The output of the balanced modulator contains two sidebands and sum of the harmonic components.

As indicated in the Fig7, the input voltage at diode $D_1$ is $(v_c+v_m)$ and input voltage at diode $D_2$ is $(v_c-v_m)$.
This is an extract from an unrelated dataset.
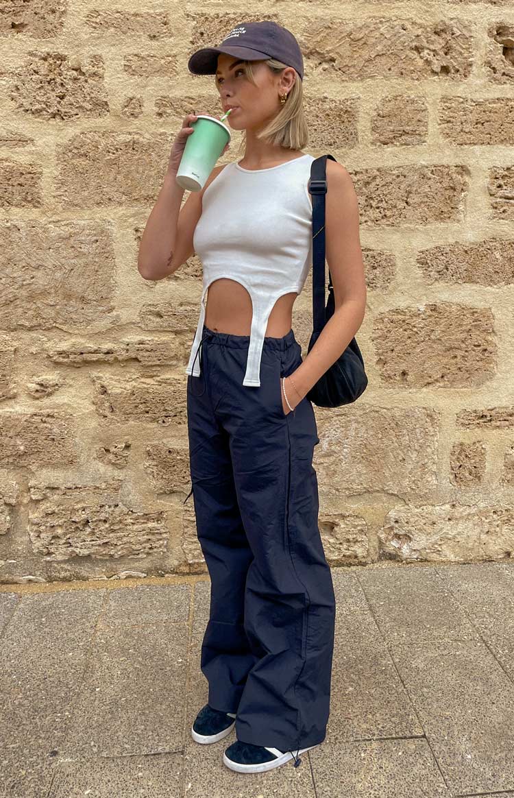 Y2K in these navy cargo pants. Perfect piece for an everyday street look. Style with a crop and sneakers for ultimate comfort and style. Be sure to pop on sunnies and a bag to complete this fit!

Fig1. Generation of DSBSC signal using balanced modulator

The primary current of the output transformer is $i_1=i_{d1}-i_{d2}$.

Where,

$i_{d1}=a+b(v_c+v_m )+ c(v_c+v_m)^2 \ \ and \\ i_{d2}=a+b(v_c-v_m )+ c(v_c-v_m)^2$

Thus, we get,

$i_1=i_{d1}-i_{d2} = 2bv_m + 4cv_m v_c$

The modulating and carrier voltage are represented as,

$v_m=V_m sinω_m t \ \ \ and \\ v_c=V_c sinω_c t$

Substituting for $v_m$ and $v_c$ and simplifying, we get,

$i_1=2bV_m \text{sin}ω_m t+4 c \frac{mV_c}2 cos(ω_c-ω_m )t-4 c \frac{mV_c}2 cos(ω_c+ω_m )t $

The output voltage $v_0$ is proportional to primary current $i_1$ and assume constant of proportionality as α, which can be expressed as,

$v_0= αi_1=2αbV_m sinω_m t+4αc \frac{mV_c}2 cos(ω_c-ω_m )t-4αc \frac{mV_c}2 cos(ω_c+ω_m )t$

Let $P=2αbV_m$ and $Q=2αc \frac{mV_c}2.$

Thus we have,

$v_0= Psinω_m t+2Q cos(ω_c-ω_m )t-2Q cos(ω_c+ω_m )t$

The above equation shows that carrier has been cancelled out , leaving only two sidebands and the modulating frequencies.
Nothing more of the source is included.